Polymer, Vol.43, No.2, 441-449, 2002
Protein secondary structure prediction based on the GOR algorithm incorporating multiple sequence alignment information
We have developed a new method for the prediction of the protein secondary structure from the amino acid sequence. The method is based on the most recent version (IV) of the standard GOR (J Mol Biol 120 (1978) 97) algorithm. A significant improvement is obtained by combining multiple sequence alignments with the GOR method. Additional improvement in the predictions is obtained by a simple correction of the results when helices or sheets are too short, or if helices and sheets are direct neighbors along the sequence (we require at least one residue of coil state between them).

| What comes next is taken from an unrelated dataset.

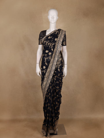 Black Sequin Worked Georgette Designer Saree - Diadem

The imposition of the requirement that the prediction must be strong enough, i.e. that the difference between the probability of the predicted (most probable) state and the probability of the second most probable state must be larger than a certain minimum value also improves significantly secondary structure predictions. We have tested our method on 12 different proteins from the Protein Data Bank with known secondary structures. The average quality of the GOR prediction of the secondary structure for these 12 proteins without multiple sequence alignment was 63.4%. The multiple sequence alignments improve the average prediction to 71.9%. The correction for short helices and sheets and coil states separating sheets and helices improve further the average prediction to 74.4%. Setting the 10% minimum difference between the most probable and the second probable conformation leads to 77.0% accuracy of the prediction, while increasing this limit to 20% increases the average accuracy of the secondary structure prediction to 81.2%.